> _What to produce_
Go through the listing below and retype exactly the lines starting at the one with "Lenhovda, i sitt" and ending at the one with "Nasi Putih 2, Ayam", skipping pictures.
BEGIN Dataset records
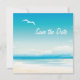 Teal blue Ocean och bort blå himmel. Ocean vågar kraschar till stranden, fiskmåsar flyng i himlar och en silhuett av handflatan träd - fullkomligt Anpassade Bröllopapporter och matchande extra.
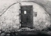 "Tjuvakistan", Lenhovda, i sitt nuvarande skick. Fängelset sett från insidan, med den tunga järndörren med inspektionslucka. Till vänster i golvet synlig "toalettgrop".
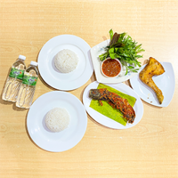 Nasi Putih 2, Ayam Kampung Goreng 1, Patin Sangkar Goreng 1, Ulam Daun 1, Sambal Belacan 1, dan Air Mineral 2
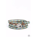 Infused with an antiqued heart and pawprint embossed button, a row of blue and green multicolored cloudy and milky beads are knotted in place along two brown leather cords, creating multiple earthy layers around the wrist with its extended length. Features an adjustable button loop closure.
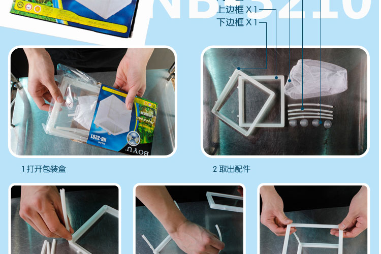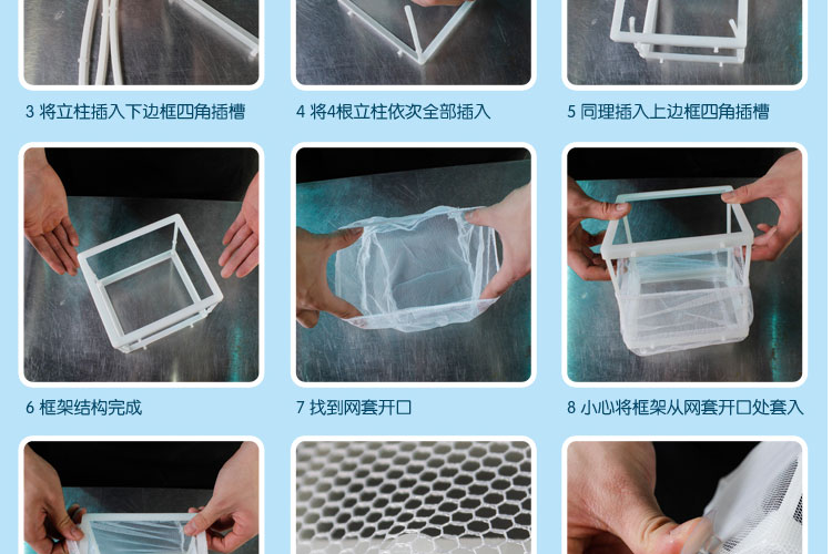 2.将细网由下往上套住整个方框.
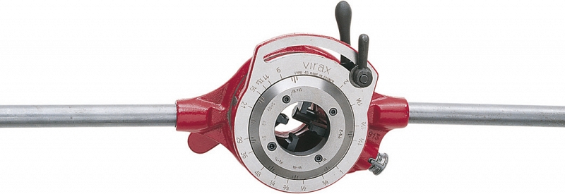 Клупп ручной настраиваемый для нарезки резьбы Virax 1"-1 1/4", 1 1/2"-2", 2 1/2"-3" BSPT Правая и Левая (Виракс 1 1/2"-2", 2 1/2"-3" БСПТ Правая и Левая) предназначен для высокопроизводительной нарезки правой и левой конической резьбы на стальных трубах Ø 1" – 1 1/4", 1 1/2" – 2", 2 1/2" – 3" (26/34 – 33/42, 40/49 – 50/60, 66/76 – 80/90 мм).
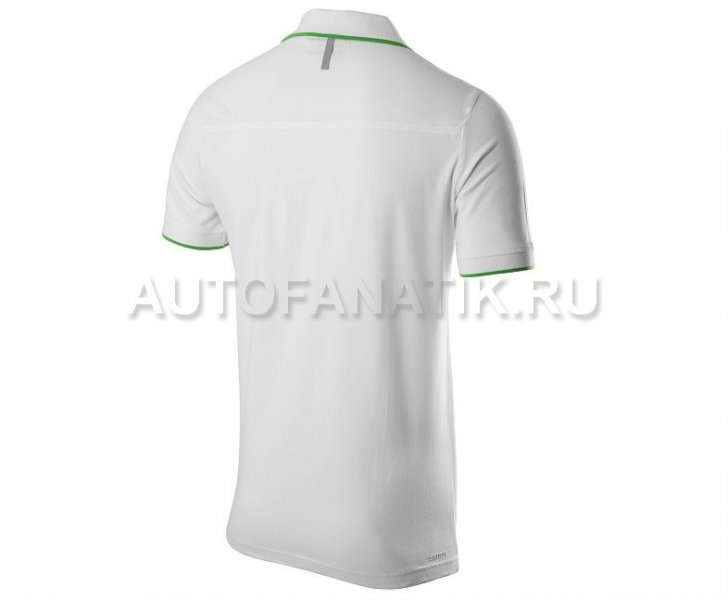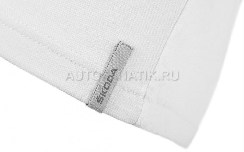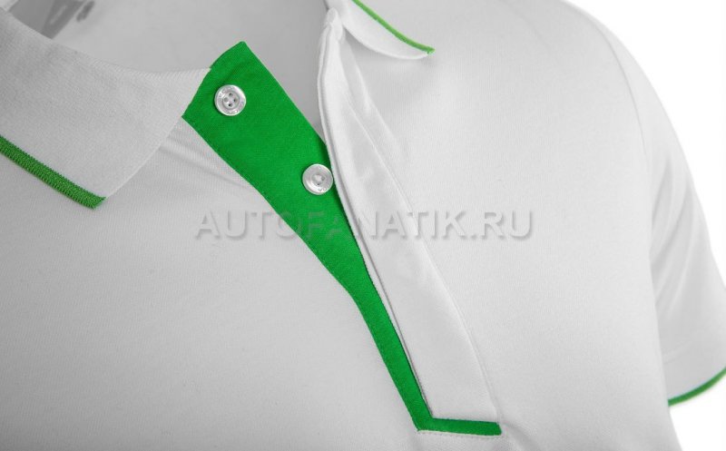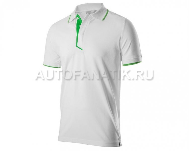 Мужская рубашка-поло белого цвета с традиционными для SKODA акцентами ярко-зеленого цвета. Неброская 3D-эмблема SKODA сзади в нижней части. Пристроченный серый лейбл SKODA сбоку слева. Материал: 97% хлопок, 3% эластан.
END Dataset records
> _Expected answer_
 "Tjuvakistan", Lenhovda, i sitt nuvarande skick. Fängelset sett från insidan, med den tunga järndörren med inspektionslucka. Till vänster i golvet synlig "toalettgrop".
 Nasi Putih 2, Ayam Kampung Goreng 1, Patin Sangkar Goreng 1, Ulam Daun 1, Sambal Belacan 1, dan Air Mineral 2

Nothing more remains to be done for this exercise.